Solana users encounter Private Key theft incidents, beware of malicious Open Source projects

In early July 2025, a Solana user discovered that their crypto assets had been stolen after using an open source project on GitHub. An investigation by the security team revealed a new type of attack method, which is worth the attention of cryptocurrency users.

The incident was triggered by the victim using an open-source project called "solana-pumpfun-bot." Although the project has received a high number of Stars and Forks on GitHub, its code updates are unusually concentrated and lack the characteristics of continuous maintenance.

In-depth analysis reveals that the project relies on a suspicious third-party package "crypto-layout-utils". This package has been removed from the official NPM, and the version number does not match the official records. The attacker modified the package-lock.json file to point the download link of the dependency to a self-controlled GitHub repository.

This malicious package is highly obfuscated, and its core function is to scan for sensitive files on the user's computer, particularly those related to cryptocurrency wallets and Private Keys, and upload this information to a server controlled by the attacker.

The investigation also found that the attackers may have controlled multiple GitHub accounts to distribute malware and enhance project credibility. They not only forked the original project but also inflated the star count to attract more users.

In addition to "crypto-layout-utils", another malicious package named "bs58-encrypt-utils" was also used for similar attacks. This indicates that after the NPM officials took action, the attackers shifted to a strategy of directly distributing malicious packages.

Funds tracking shows that a portion of the stolen assets flowed to a certain cryptocurrency exchange platform, which poses a challenge for the subsequent recovery of funds.
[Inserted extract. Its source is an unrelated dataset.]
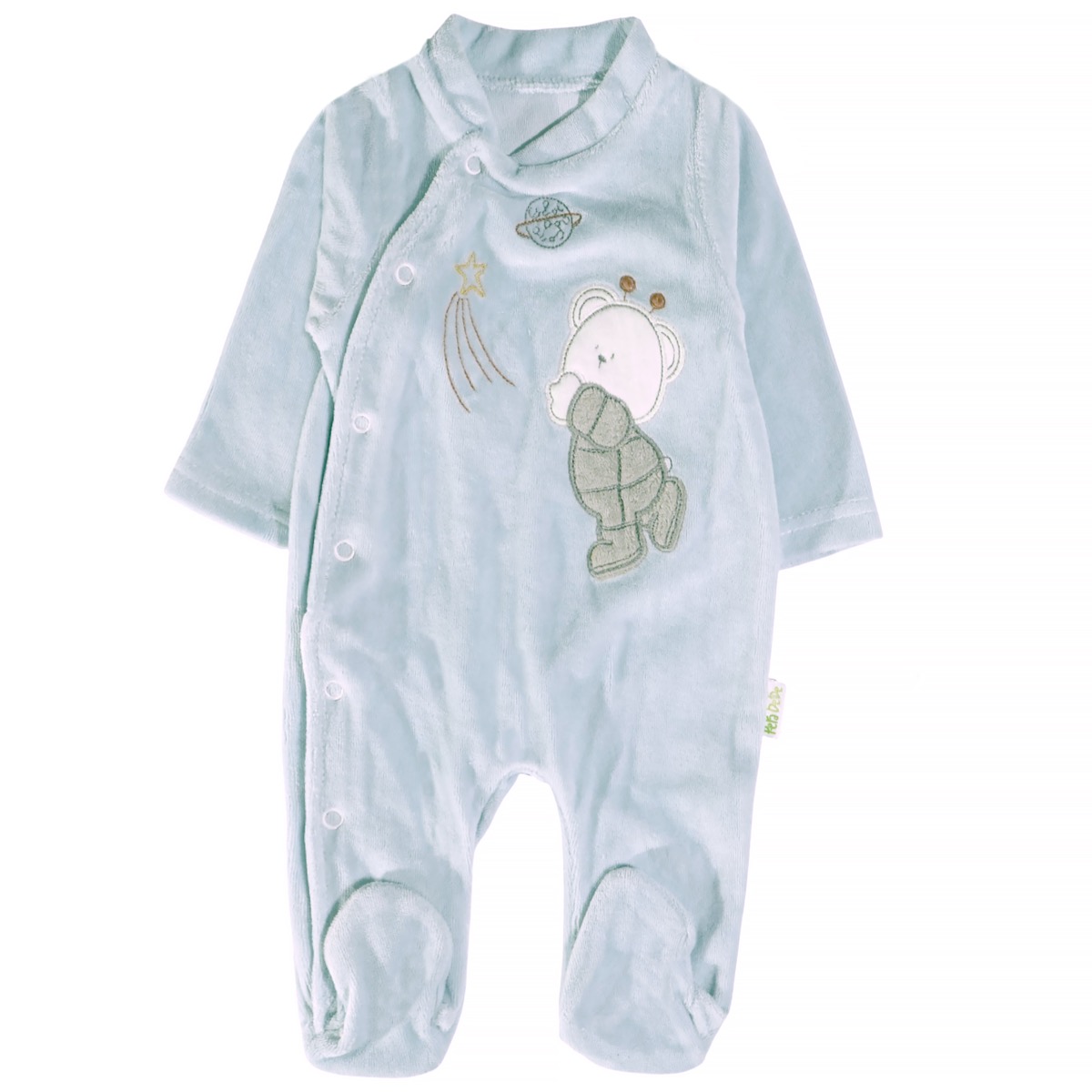 Pera Bebe ολόσωμο βελουτέ φορμάκι με σκουφάκι «Space Blue Teddy»
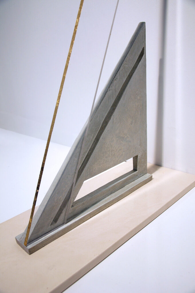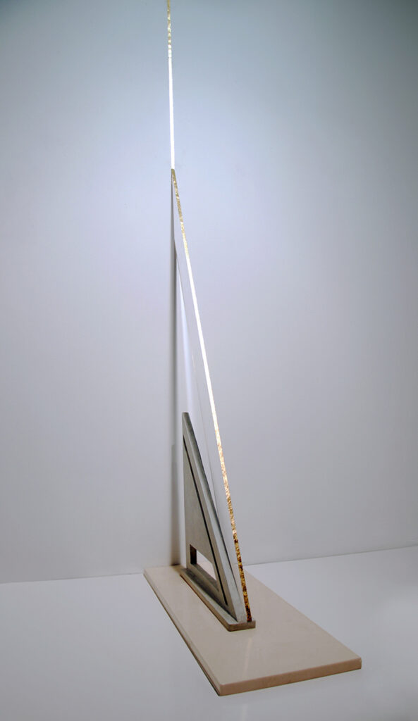 Crepuscular Beam, 2017 // acrylic, gold leaf, wood, modified plaster, travertine // 28 x 10″ x variable height (to ceiling)

This incident highlights the security threats faced by the Open Source community. Attackers successfully tricked users into running programs containing malicious code by disguising themselves as legitimate projects and using social engineering techniques. This form of attack is highly deceptive and difficult to completely prevent even within organizations.

To reduce risk, it is recommended that developers and users remain highly vigilant regarding GitHub projects of unknown origin, especially those involving wallet operations. If debugging is necessary, it is best to do so in an isolated environment to avoid sensitive information leakage.

This incident serves as a reminder that in the rapidly evolving cryptocurrency space, security awareness and a cautious attitude are crucial. Users should remain vigilant at all times and treat any operations involving Private Key or sensitive information with caution.